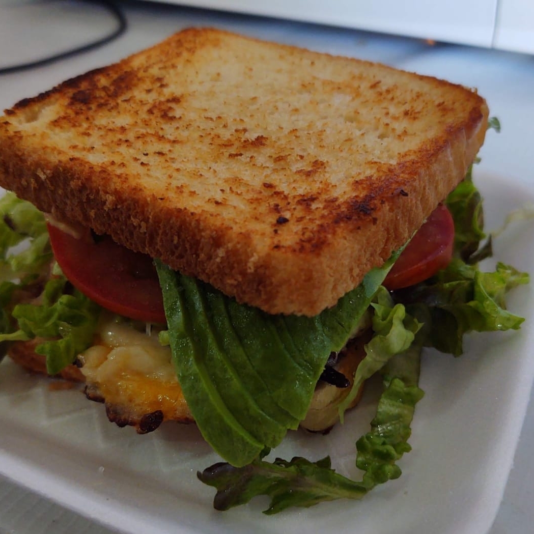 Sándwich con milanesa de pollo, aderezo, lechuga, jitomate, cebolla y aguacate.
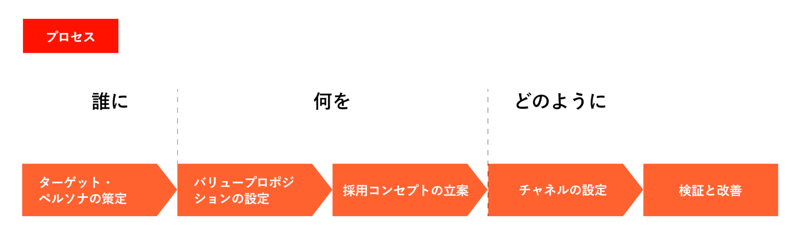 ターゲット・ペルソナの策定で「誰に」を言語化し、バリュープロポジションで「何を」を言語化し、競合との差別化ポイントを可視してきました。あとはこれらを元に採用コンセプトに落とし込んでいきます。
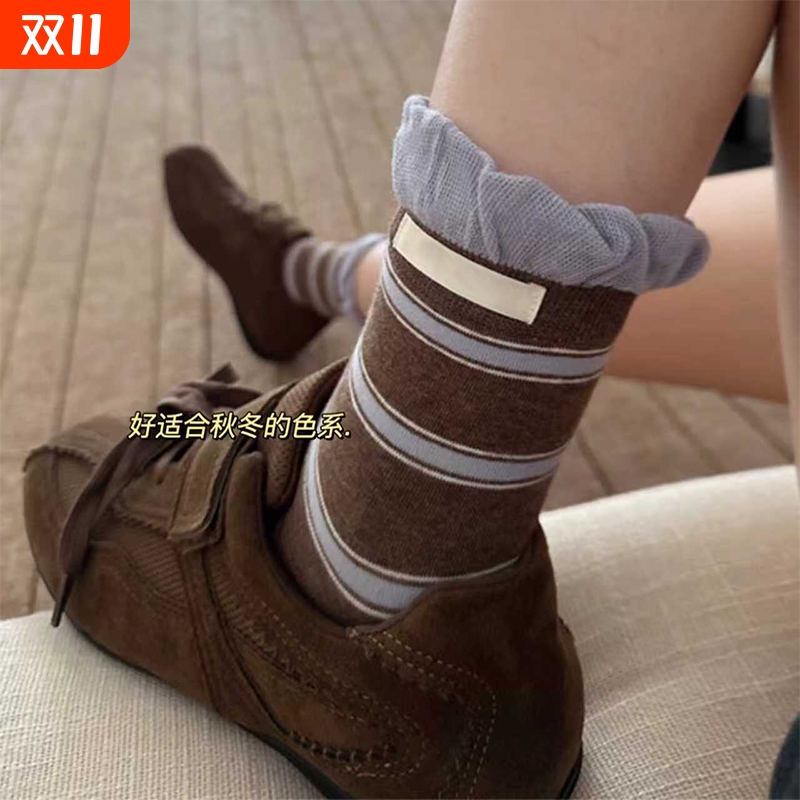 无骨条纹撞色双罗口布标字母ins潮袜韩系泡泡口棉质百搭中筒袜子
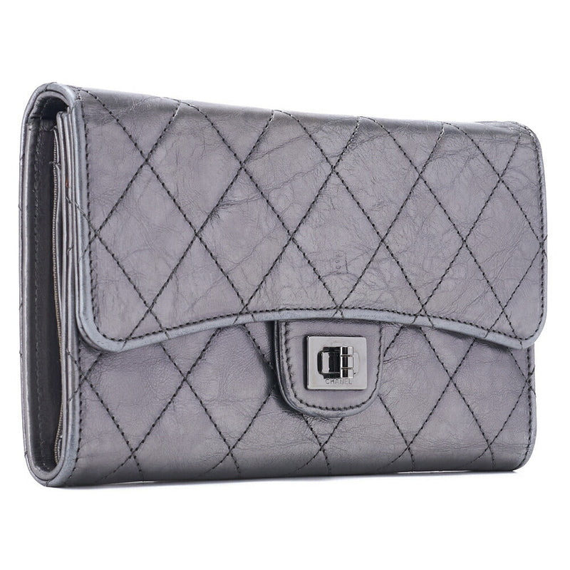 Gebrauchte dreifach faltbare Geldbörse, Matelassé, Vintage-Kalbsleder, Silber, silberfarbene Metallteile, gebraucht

::::::::

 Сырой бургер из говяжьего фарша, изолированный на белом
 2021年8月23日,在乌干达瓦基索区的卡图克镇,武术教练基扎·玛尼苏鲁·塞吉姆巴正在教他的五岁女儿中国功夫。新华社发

::::::::

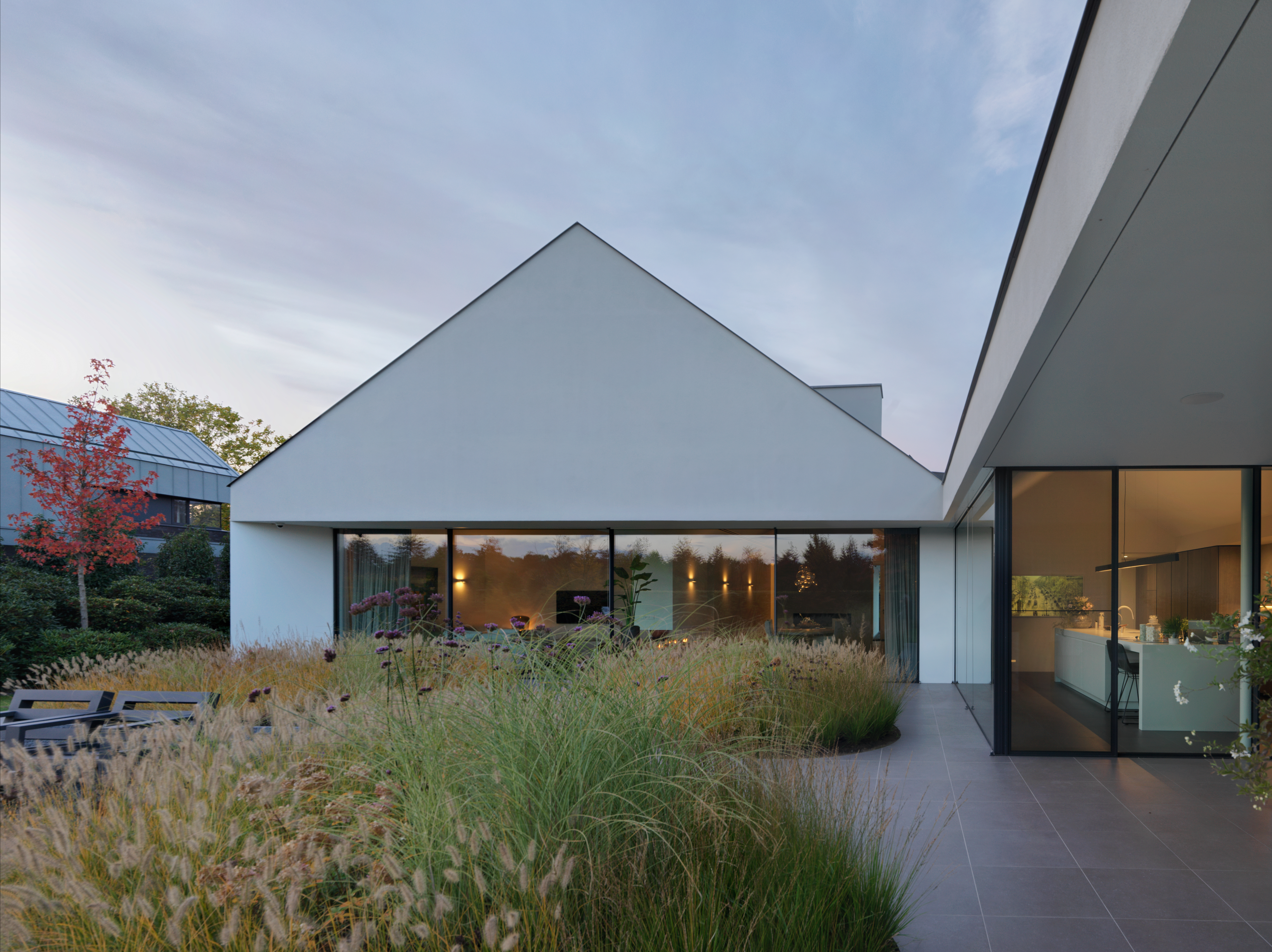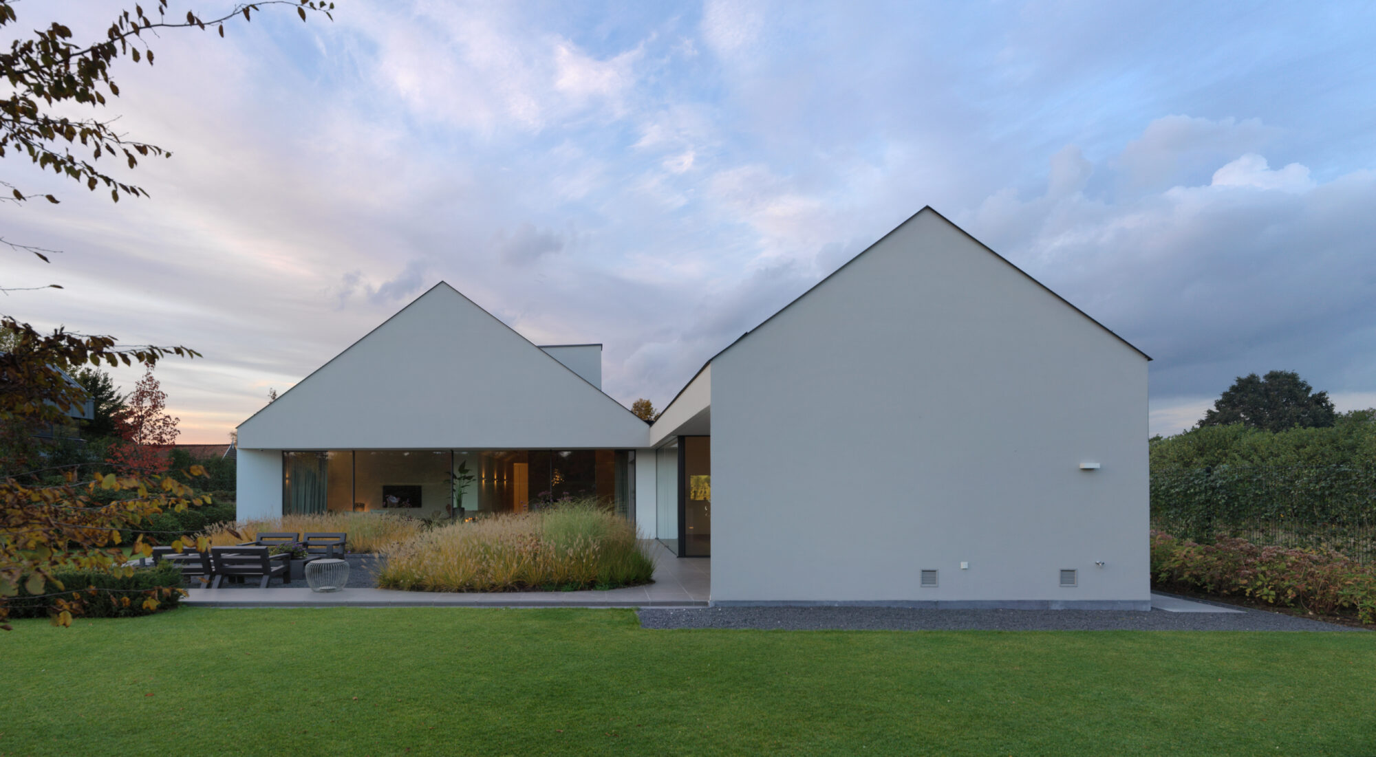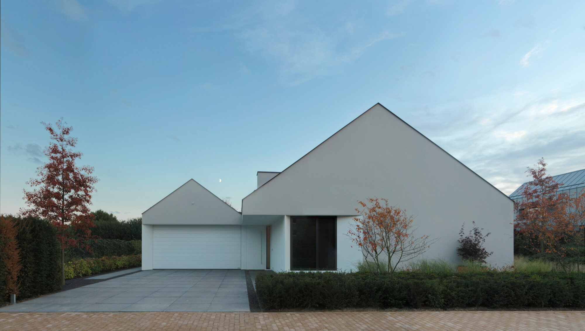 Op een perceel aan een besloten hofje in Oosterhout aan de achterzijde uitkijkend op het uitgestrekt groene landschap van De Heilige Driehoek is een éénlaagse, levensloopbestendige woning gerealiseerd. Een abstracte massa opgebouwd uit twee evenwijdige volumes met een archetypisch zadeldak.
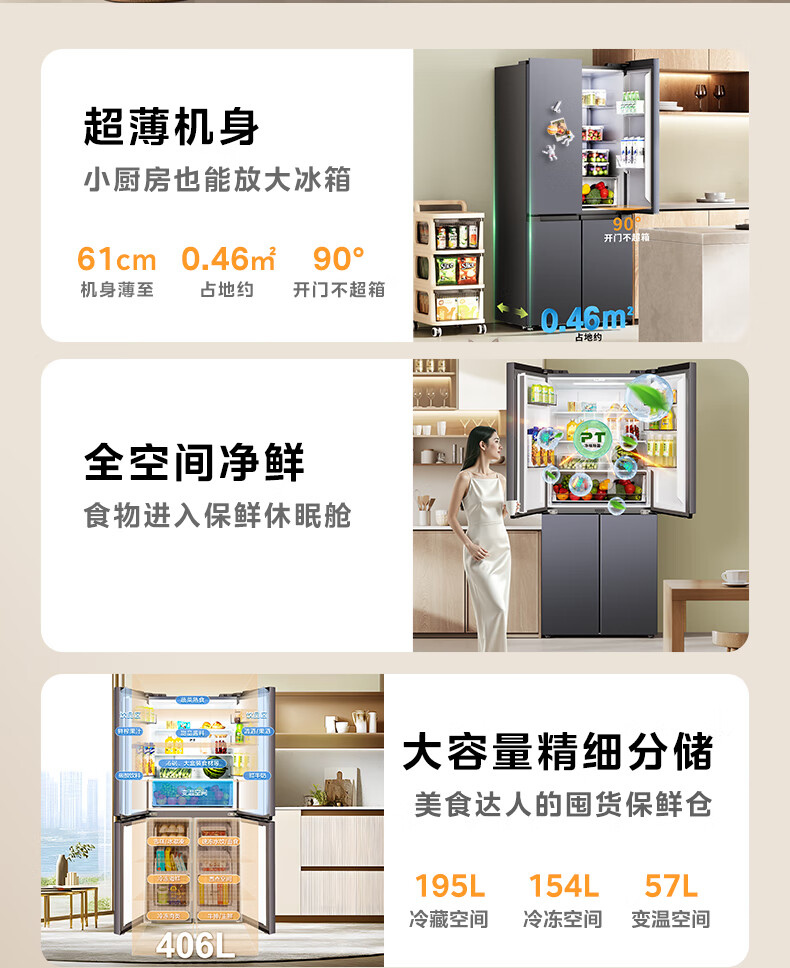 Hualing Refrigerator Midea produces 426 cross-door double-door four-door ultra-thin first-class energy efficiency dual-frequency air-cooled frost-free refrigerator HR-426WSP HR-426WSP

::::::::

> **ASSIGNMENT**:
A clean copy is needed of the lines above from the one with "Sándwich con milanesa" up to and including the one with "Gebrauchte dreifach faltbare". Please set it down exactly, with no pictures.

> **OUTPUT FOR THIS EXERCISE**:
 Sándwich con milanesa de pollo, aderezo, lechuga, jitomate, cebolla y aguacate.
 ターゲット・ペルソナの策定で「誰に」を言語化し、バリュープロポジションで「何を」を言語化し、競合との差別化ポイントを可視してきました。あとはこれらを元に採用コンセプトに落とし込んでいきます。
 无骨条纹撞色双罗口布标字母ins潮袜韩系泡泡口棉质百搭中筒袜子
 Gebrauchte dreifach faltbare Geldbörse, Matelassé, Vintage-Kalbsleder, Silber, silberfarbene Metallteile, gebraucht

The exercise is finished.